Penyakit ini dapat mudah menyebar. Namun pengobatannya tergolong mudah, yaitu menggunakan obat-obatan antijamur.

Penjelasan Lebih Lanjut

Gejala

Gejala umum dari tinea cruris meliputi:

  • Muncul bercak-bercak merah pada kulit. Biasanya, bercak berbentuk bundar dengan pinggiran merah seperti cincin.
  • Timbul rasa gatal secara terus-menerus.
  • Kulit dapat mengelupas atau pecah-pecah.
  • Perubahan pada warna kulit menjadi gelap atau terang. Gejala ini bisa berlangsung lama.

Penyebab

Penyebab tinea cruris adalah sekelompok jamur bernama dermatofitosis. Pada kondisi normal, jamur ini hidup di kulit tanpa menimbulkan permasalahan.

Namun jika seseorang sering menggunakan pakaian yang basah dan berkeringat setelah berolahraga, kondisi kulit akan menjadi lembap dan memicu proses kembang biak jamur yang cepat. Akibatnya, area kulit akan mengalami iritasi dan terasa gatal. 

Selain sering banyak berkeringat, kondisi-kondisi berikut ini juga bisa menjadi faktor pemicu tinea cruris:

  • Kondisi panas dan lembap.
  • Mengalami kelebihan berat badan atau obesitas.
  • Menggunakan pakaian yang ketat.
  • Jarang mandi.
  • Sering kembali mengenakan pakaian yang sudah dipakai tanpa dicuci terlebih dulu, terutama pakaian dalam.
  • Sering saling meminjamkan handuk, pakaian, atau barang pribadi lain dengan orang lain.

Diagnosis

Untuk dapat mendiagnosis penyakit ini, dokter biasanya cukup melihat bentuk dan lokasi ruam pada kulit pasien. Selanjutnya, dokter akan bertanya mengenai gejala dan riwayat medis pasien sebelum melakukan pemeriksaan fisik.

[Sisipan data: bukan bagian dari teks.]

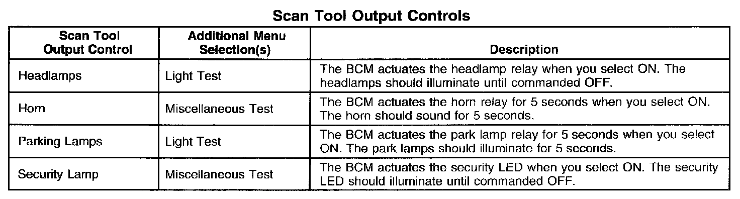 Scan Tool Output Controls: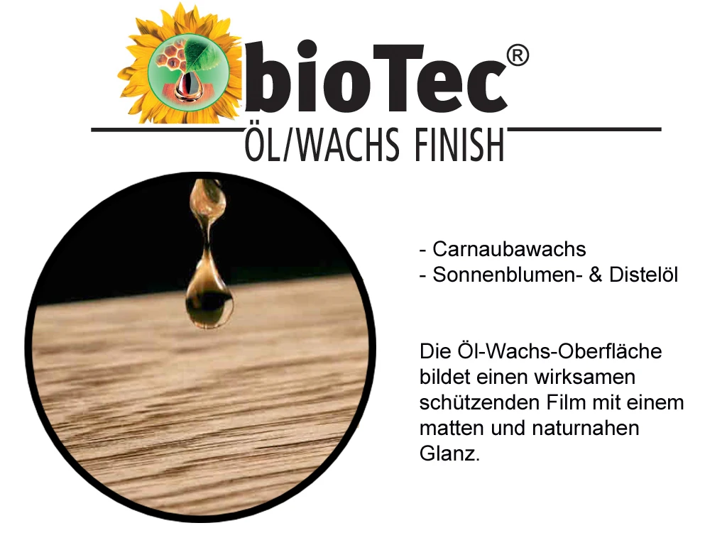 - Couche d’usure en bois noble de 2,5 mm d’épaisseur avec une finition de surface protectrice et facile d’entretien – selon l’article, soit avec une surface huilée-cirée bioTec proche de la nature, une finition de surface mate naturelle, soit avec une vitrification résistante (permaDur).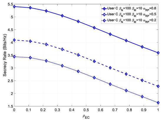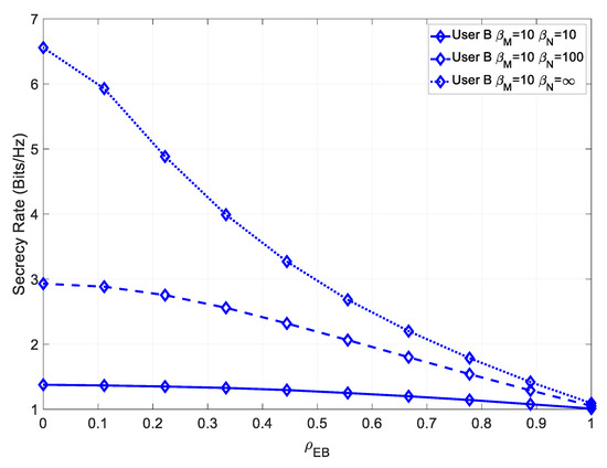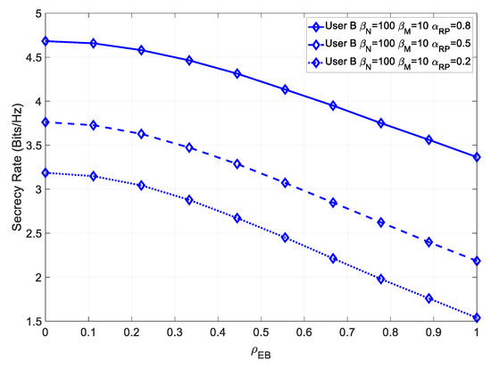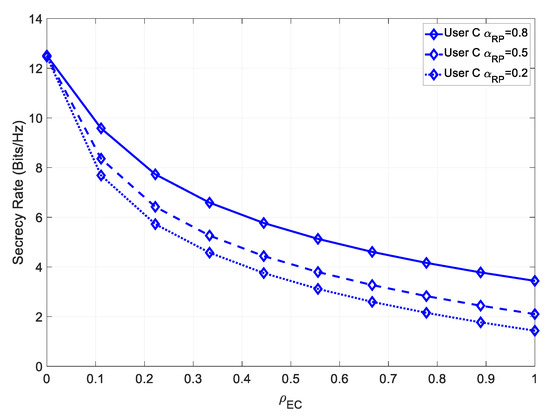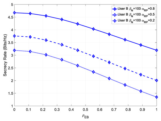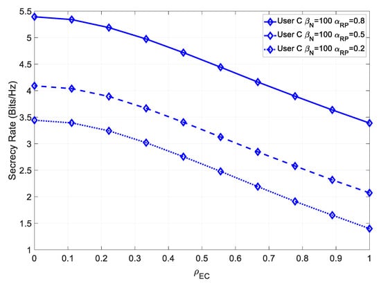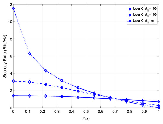 It could be seen that, similarly to User B, this system achieved a higher maximum secrecy rate, at low values of , and a higher secrecy rate, even for high values .

Jika diperlukan, dokter akan menyarankan beberapa tes lanjutan berupa pengambilan sampel kulit atau biopsi. Sampel kulit kemudian akan diperiksa di bawah mikroskop guna mendeteksi jenis jamur yang menginfeksi kulit.

Pengobatan

Langkah pengobatan utama untuk tinea cruris adalah menggunakan obat antijamur. Obat ini bisa tersedia dalam bentuk oles maupun oral (minum). Clotrimazole, miconazole, dan terbinafine merupakan beberapa contoh obat yang mungkin diresepkan.

Menggunakan obat antibiotik juga bisa dianjurkan jika diperlukan. Misalnya untuk mengobati dan/atau mencegah infeksi bakteri yang terjadi akibat pasien yang menggaruk area yang terkena jamur.

Selain obat-obatan di atas, Anda juga bisa menerapkan langkah-langkah berikut untuk mempercepat pemulihan infeksi jamur:

  • Cucilah area yang terkena infeksi jamur dengan sabun dan air hangat yang bersih.
  • Keringkan kulit yang terinfeksi dengan cermat, baik setelah mandi maupun berolahraga.
  • Ganti pakaian Anda setiap hari, khususnya pakaian dalam.
  • Gunakan pakaian yang longgar dengan bahan yang menyerap keringat.

Pencegahan

Tinea cruris dapat dicegah dengan cara-cara seperti berikut:

  • Mandi secara teratur. Langkah ini juga sebaiknya Anda lakukan segera setelah berolahraga atau mengeluarkan banyak keringat.
  • Setelah mandi, seka tubuh sampai benar-benar kering. Khususnya, area selangkangan.
  • Gunakan celana dalam berbahan katun yang tidak ketat
  • Hindari menggunakan pakaian yang ketat.
  • Jangan berbagi handuk, pakaian, atau barang pribadi lainnya dengan orang lain.
  • Jangan kenakan pakaian renang yang basah untuk waktu yang lama.
  • Jangan menyimpan pakaian yang lembap di dalam loker, lemari, atau tas. Ini bisa menjadi tempat pertumbuhan jamur.

Informasi Dokter

Kapan Harus Berkonsultasi dengan Dokter?

Segara berkonsultasi ke dokter jika Anda memiliki gejala-gejala tinea cruris.

Apa yang Perlu Dipersiapkan Sebelum Berkonsultasi dengan Dokter?

Saat Anda melakukan janji temu dengan dokter, siapkan beberapa pertanyaan berikut:

  • Bagaimana cara menyembuhkan penyakit ini?
  • Bagaimana cara mencegah penyebaran tinea cruris agar tidak semakin menyebar? 
  • Bagaimana cara agar infeksi tidak menyebar ke orang lain?

Apa yang Akan Dilakukan Dokter pada Saat Konsultasi?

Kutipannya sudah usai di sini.